Pension expert concerned about CPP if Alberta creates its own pension plan

What impact will Alberta leaving have on Canada and the CPP?

Pension expert concerned about CPP if Alberta creates its own pension plan

There has been much discussion in the pension community about whether or not Alberta’s plan to create its own provincial pension scheme is a sound idea and how it might impact the rest of the country and the Canada Pension Plan (CPP).

The public survey held by the government of Alberta to get feedback from Alberta residents on the proposed Alberta Pension Plan is about to close on December 10. This public engagement was to get Albertans’ views on the report by LifeWorks, completed in September, that suggests an Alberta Pension Plan could secure Albertans’ pension benefits and achieve substantial savings with lower contribution rates and higher benefits for families and retirees.

However, since the LifeWorks report came out, there has been much discussion about some of the numbers behind the report.

“The proposal to separate from the Canada Pension Plan (CPP) and create the Alberta Pension Plan (APP) is based on the report by LifeWorks that argues that Albertans are entitled to 53 percent of the entire capital of the plan, which is a number right now being discussed at length because the assumptions underneath that calculation are questionable,” says Sebastien Betermier, associate professor of finance at McGill University and executive director of the International Centre for Pension Management.

Betermier says people in the pension community are discussing alternative assumptions and coming up with different calculations. “Alternatives are being put together because that number is absolutely key as it ultimately affects all of the calculations that are being proposed as part of the new plan. So, it is very much up in the air.”

Canadians have a plan that works really well

He adds that Canadians have a current national plan that “actually works really well and provides a defined benefit for every Canadian that they can access from wherever they live in Canada. It’s a plan that is well administered.

“It's a plan that has become increasingly funded over the years, especially with the CPP2 now, which is fully funded as opposed to the partly funded CPP. It's one of the largest pension funds in the world and is well managed by CPP investments. It has a great track record; why would you want to change all that?”

CPP has done well on both the investment and the liability front. It’s a plan that has the benefit of bringing all Canadians together, which means that all Canadians share the risks, he says.

Betermier says the move to a provincial pension plan is a bold move.
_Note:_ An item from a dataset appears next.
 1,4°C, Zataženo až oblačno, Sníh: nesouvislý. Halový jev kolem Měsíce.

I'm not convinced it's worth all of the discussion and effort, given the fact that we are currently working with an overall national plan, that is and has been a success. In fact, when you look at Canada, it's one of only a few countries in the world that has gone in the direction of providing a nationally covered define benefits program. Most countries or most systems have gone away from them because they're too expensive to maintain.
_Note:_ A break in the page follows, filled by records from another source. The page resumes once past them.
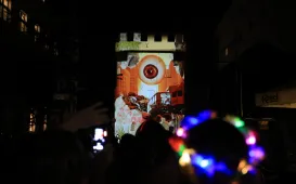 Od 15 do 19 sierpnia 2023 Toruń rozświetla Bella Skyway Festival. W centrum miasta rozmieszczonych jest 26 świetlnych instalacji. Fot. Sławomir KowalskiJubileusze małżeńskie, 18 sierpnia 2023 r.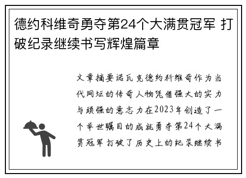 文章摘要:诺瓦克·德约科维奇,作为当代网坛的传奇人物,凭借强大的实力与顽强的意志力,在2023年创造了一个举世瞩目的成就——勇夺第24个大满贯冠军,打破了历史上的纪录,继续书写属于自己的辉煌篇章。德约...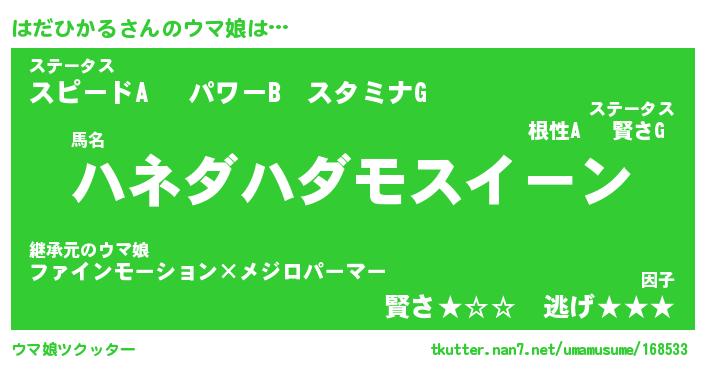 | 自動車の名前っぽいあだ名 | 『ハダティマ』『ハスラー』『ハンR』 |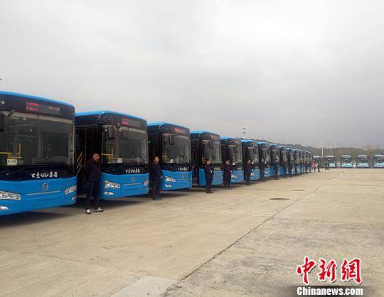 图为2017年12月29日上午,由福建省新能源汽车推广应用和产业发展联席会议主办的“清新福建绿色出行”新能源公交车推广应用集中上牌交车仪式在福州举行。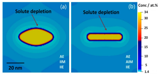 Three-dimensional (3D) phase-field simulations were performed with the simulation box size being 100 × 100 × 100. Two-dimensional (2-D) cuts of the concentration field for a single precipitate with isotropic/anisotropic interfacial mobility can be seen in the Figure 4a,b, while keeping isotropic interfacial energy and anisotropic elasticity the same. The light blue areas depict the regions in the matrix around the precipitate that are solute depleted.

“But the way the Canadian system works has made it possible, and the way the Canadian pension fund has been able to invest over the long term has made it possible to sustain this plan over the long term.

“It's a precious benefit for Canadian society.”

Maybe they can do a better job

When asked why he thinks Alberta wants to break away from the CPP and start its own plan, Betermier says they may believe they can do a better job on their own and be able to design a plan suited more appropriately to its population.

“If they disagree with the terms of the CPP and wish to provide a different type of plan that is better catered to the needs of their population, I could see a benefit there.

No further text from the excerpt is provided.